Member of Legislative Council (Fiji) Eastern Indian Constituency
- In office 1929–1929
- Preceded by: new electoral division
- Succeeded by: vacant
- Resigned the seat two weeks after being sworn in.

= James Ramchandar Rao =

Fijian politician

James Ranchandar Rao (a.k.a. James Ramchandar Maharaj ) was one of the three Indo-Fijians elected to the Legislative Council of Fiji in October 1929 when Indo-Fijians were given the first opportunity to elect their own representatives in the 1929 elections. The other two were Vishnu Deo and Parmanand Singh.

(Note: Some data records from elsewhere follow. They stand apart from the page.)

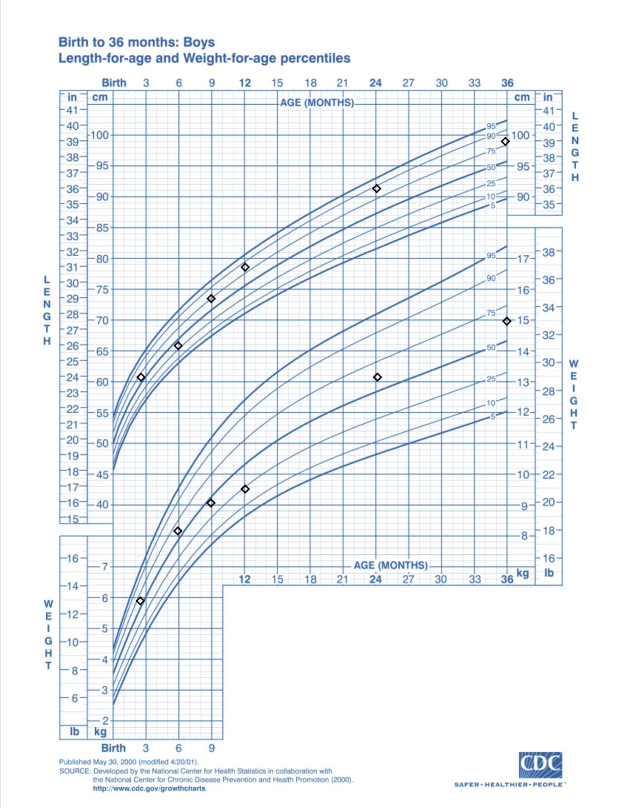 Once you select a chart from the drop-down, a window with the corresponding CDC chart will display. If any matching observations exist, they will be plotted on the chart.
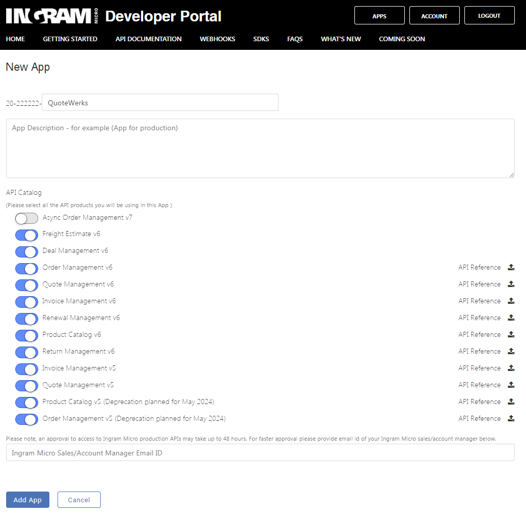 5.Under the "API Catalog" section, click and enable all of the options except Async Order Management v7. If you have your Ingram Micro Sales Rep's email, include that as well for faster approval.
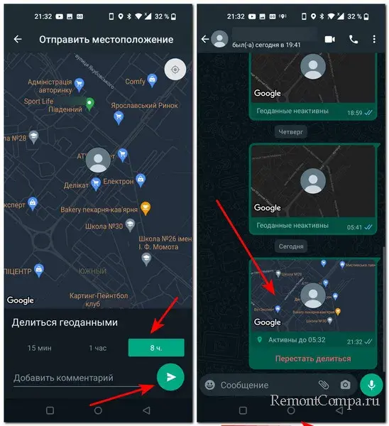 Выбираем время, на протяжении которого нам будут поступать сведения о геолокации. Максимальный период здесь только 8 часов. Отправляем себе ссылку на геолокацию. И отслеживаем перемещения человека на карте по ссылке в чате.
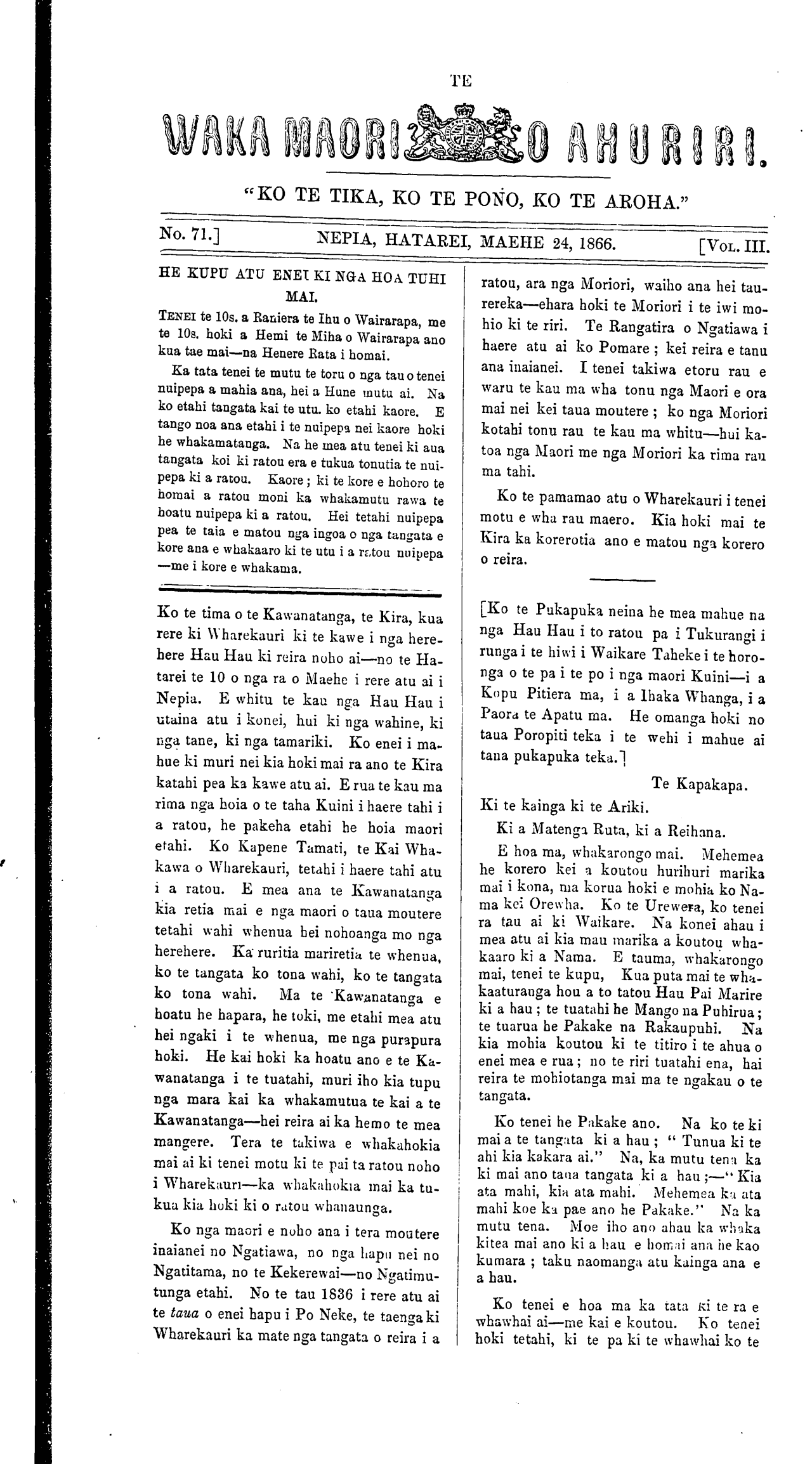 Te Waka Maori o Ahuriri 1863-1871: Volume 3, Number 71. 24 March 1866 |
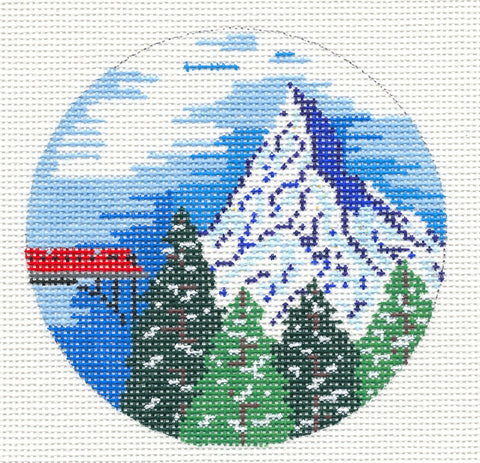 4" Round ~ Country of Switzerland~ handpainted 18 Mesh 4" Rd. Needlepoint Canvas by Painted Pony
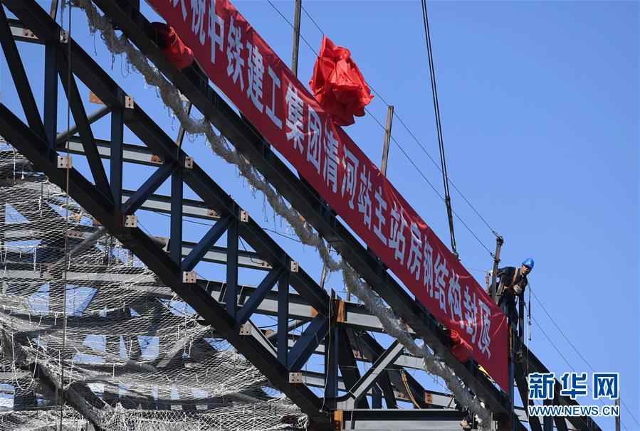 最后一組鋼梁吊裝到位(10月17日攝)。當(dāng)日,京張高鐵新建車站——清河站主體結(jié)構(gòu)正式封頂。清河站是京張高鐵建筑面積最大的車站,同時(shí)也是京張高鐵在北京地區(qū)的始發(fā)站之一。 新華社記者 張晨霖 攝
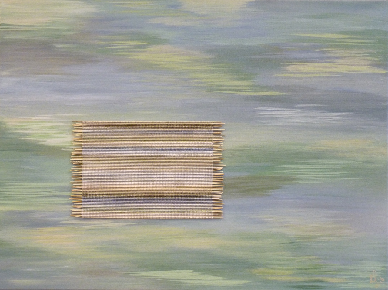Geinspireerd door de natuur op Ameland. Allereerst met zijde sprieten helmgras op aida stof geborduurd. Vervolgens de kleuren zijde via meerdere lagen acrylverf in de achtergrond terug laten komen.
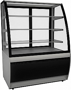 Витрина остеклена со всех сторон стеклопакетами, обеспечивающими отличную защиту от теплого воздуха. Фронтальное стекло изогнутое. Есть подсветка внутреннего пространства, причем светодиодами подсвечивается каждая полка. У модели необычная для кондитерских витрин, черно-серая цветовая гамма, на фоне которой сладости выглядят еще красивей и аппетитней.
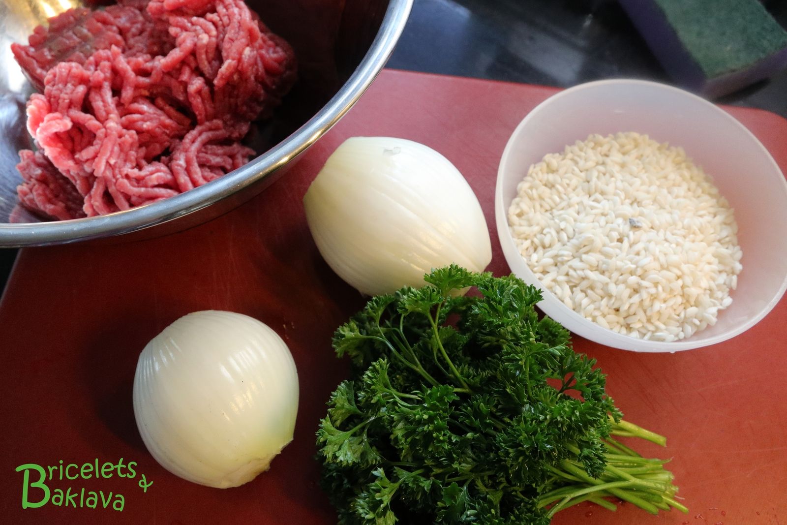 Dans un grand bol, mettre la viande hachée, ajouter le riz, les oignons, le persil, le concentré de tomate, les épices, le sel et une cuillère à soupe ou deux d’huile d’olive.
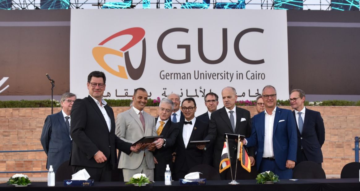 وقع كل من الدكتور أشرف منصور رئيس مجلس أمناء الجامعة الالمانية بالقاهرة GUC والرئيس المشارك لمجلس أمناء الجامعة الالمانية الدولية بالعاصمة الإدارية الجديدة GIU - جوليان أوزوالد عمدة فرويدنشتات - ستيفان بوجنيدر رئيس جامعة شوارزوالد (جامعة البلاك فورست في المانيا) Schwarzwald إتفاقية للتعاون الوثيق والمثمر مع الجامعات الثلاث GUC، GIU وGIU Berlin في مجالات الهندسة الميكانيكية، الميكاترونكس، الروبوتات، هندسة الإنتاج، الذكاء الاصطناعي والاستدامة بهدف تعزيز التميز في التدريس والبحث وتطوير حلول مبتكرة لتحديات العالم الحديث.
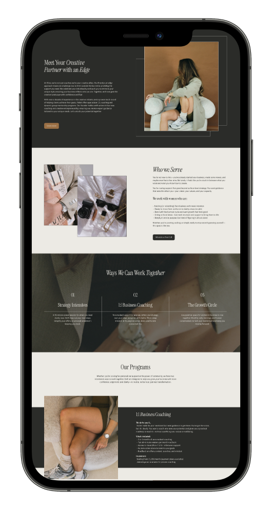 A completely custom Squarespace website that reflects your brand and supports your goals, so you can attract and book aligned clients, grow your business and have the luxury of knowing your website is selling for you 24/7.Mobile Optimisation
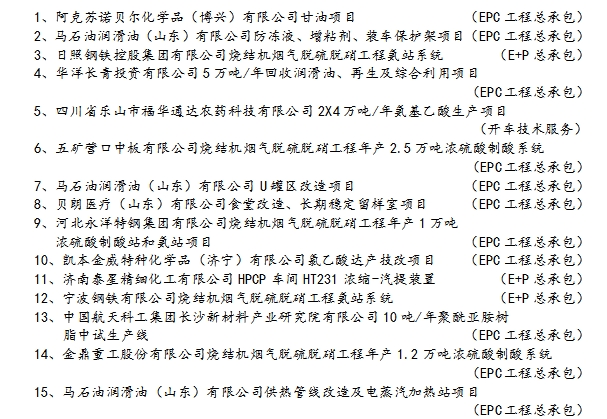EPC工程總承包、工程項(xiàng)目管理主要業(yè)績(jī)
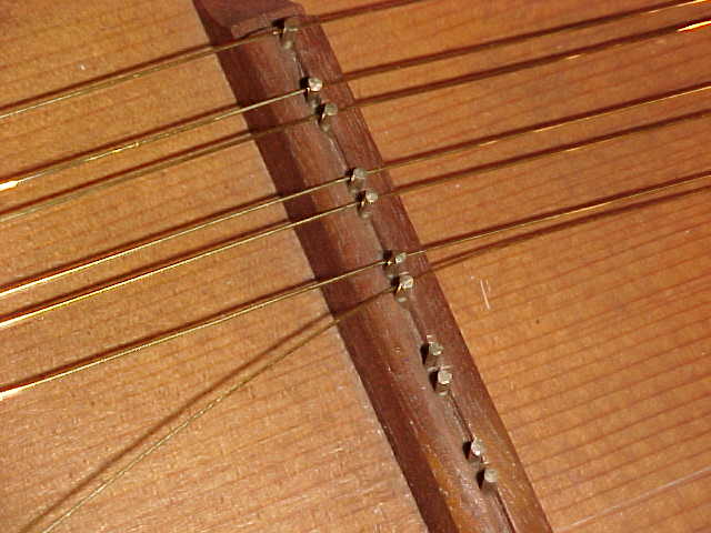 Making a string is not a particularly difficult task but does require a bit of concentration. First you measure out the proper amount of wire which I arrived at by experimentation. Ten inches to form the loop, ten to twenty inches to wrap around the wrest (tuning) pin and finally the exact measurement from tuning pin to hitch pin. After forming the loop and double wrap, the string is attached to the hitch pin, threaded over the bridge and nut pins then wrapped 10 to 20 times around the tuning pin and finally threaded through a hole in the pin. None of this is anywhere near as easy as it sounds. Several hazards make it a fairly demanding task. First of all, after forming the first ten loops, I had blisters on two fingers of each hand. I tried Band-Aids but they interfered with the my ability to make neat wrappings so I just ended up waiting a few days for the blisters to heal. Progress was pretty slow at first with only a dozen strings completed each week. Each string length had to be recalculated as the bridge to nut length was consistently shorter but as the gauge got thinner, the number of wraps around the tuning pin increased. I could have just added a foot or so to each string but that would have eventually required extra spools from Hubbard. The biggest limitation was that while winding the remaining wire around the tuning pin, the length had to be short enough for me to retain tension on the wire while holding only the end of the wire. Therefore the remaining string can't be any longer than my arm before winding the tuning pin. Then next hazard was the frustrating mishap of not maintaining tension while winding the pin. Easing the tension even slightly would often result in the partially wound wrap springing off the pin and becoming kinked and completely useless. About 10 to 12 strings ended up in the garbage for this very reason. The final and most serious hazard was the tendency of the neatly trimmed strings to become as sharp as needles so that when attaching the next string, my fingers were often punctured by the previous string ends. I occasionally had to stop assembling strings to wait for the bleeding to stop so that I wouldn't stain any of the wooden parts. But finally after six weeks and 122 strings, the job was complete. Well almost... After all the strings were installed, I tuned them up to an octave below standard tuning and left them there for a week to settle. After a call to Hendrik Broekman at Hubbard I tried pulling the tuning up 4 half tones at once. In the first 12 strings I broke 6. Back to making strings again. A week later everything was back to an octave low again. Then I returned to my original plan of a half tone every 2 - 3 days. That took another 2 weeks and we finally arrived at B - 493.9 tuning and it's been there ever since.

Only males over 21 years of age, who were British subjects and resident continuously in Fiji for 12 months, able to read and write in either English, Hindi, Telugu, Tamil, Urdu or Gurmukhi, in possession of freehold or leasehold in Fiji valued at least 5 pounds per annum for 6 months before the closing of the register or had cash income of not less than 75 pounds per annum or held a government or municipal licence worth at least 5 pounds were eligible to vote. Consequently, only 1,404 out of an Indo-Fijians population of 75,000 were registered to vote. James Ramchandar Rao contested the Eastern Indian Division, which included the islands of Vanua Levu and the Lau and Lomaiviti Group of Islands. His opponent was Khalil Sahim. There were 101 registered electors in the constituency of whom 63 voted for Rao, 20 for Sahim and 5 spoilt their ballot paper.

Two weeks after being sworn in he, together with the other two Indo-Fijians representatives, resigned when a motion asking for equal political rights for Indo-Fijians was defeated.

Rao was the proprietor of one of the first picture theatres in Fiji in the old capital of Levuka, on the island of Ovalau.